Air pollution, particularly from power plants and vehicles, is expected to worsen in
Nevada. Annual emissions are expected to increase by more than 200,000 metric tons of carbon dioxide – the equivalent of adding 430,000 cars to the road, according to Energy Innovation. That’s not including the impacts of other Trump policies, such as the repeal of Environmental Protection Agency rules regarding carbon emissions from power plants.
Nuclear resurgence
According to Stateline, in the last two years, around two dozen states have taken legislative action to promote nuclear power, including integrating it into long-term energy plans.
“Certainly nuclear wound up with better treatment than wind and solar under this tax package. I would remain hopeful that we see continued innovation there, and ultimately deployment in the medium to long term,” said Godfrey of Advanced Energy United.
Only two small modular reactors are in operation, one in China and another in Russia. Two companies hold federal permits to build a modular reactor in the U.S.
Colorado’s Democratic Gov.
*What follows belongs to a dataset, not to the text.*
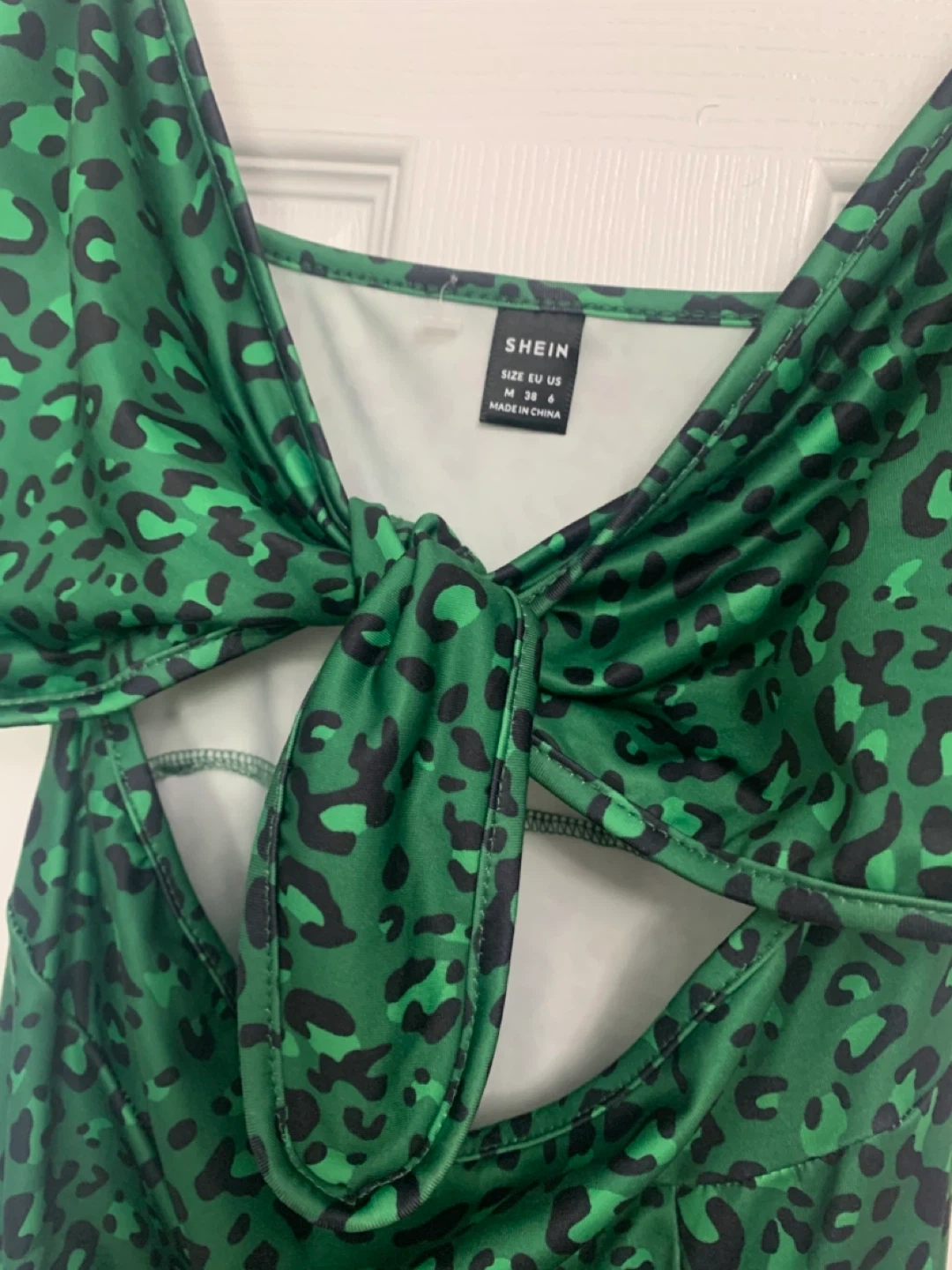 This SHEIN midi dress features a vibrant green and black leopard print with a flattering cutout design and a tie front detail. It's made of a stretchy material for comfort. The spaghetti straps make it a great option for warmer weather!

Jared Polis signed legislation in April redefining nuclear energy as a “clean energy resource.” Future nuclear plants will be eligible to receive state grants previously reserved for other carbon-free energy sources.
What’s next?
As provisions of the OBBBA thwart investment and proliferation of clean energy products, state leaders “need to be committed to make sure these technologies are able to expand,” says Emilie Olson of Advanced Energy United.
Toward that end, she says, leaders can embrace policies that enable residents to take advantage of virtual power plants and energy management systems that allow them to generate power from EV batteries, smart meters, and other technologies, and sell it back to the grid.
“Those are things that state policymakers can stand up for and make happen, regardless of the whims of what’s happening on the Hill,” she said.
Republican Rep. Mark Amodei, the only member of the Nevada delegation to vote in favor of Trump’s bill, did not respond to requests for comment on the measure’s expected impacts in Nevada.
Gov. Joe Lombardo, who has embraced clean energy projects, including many made possible during the Biden era, also did not respond.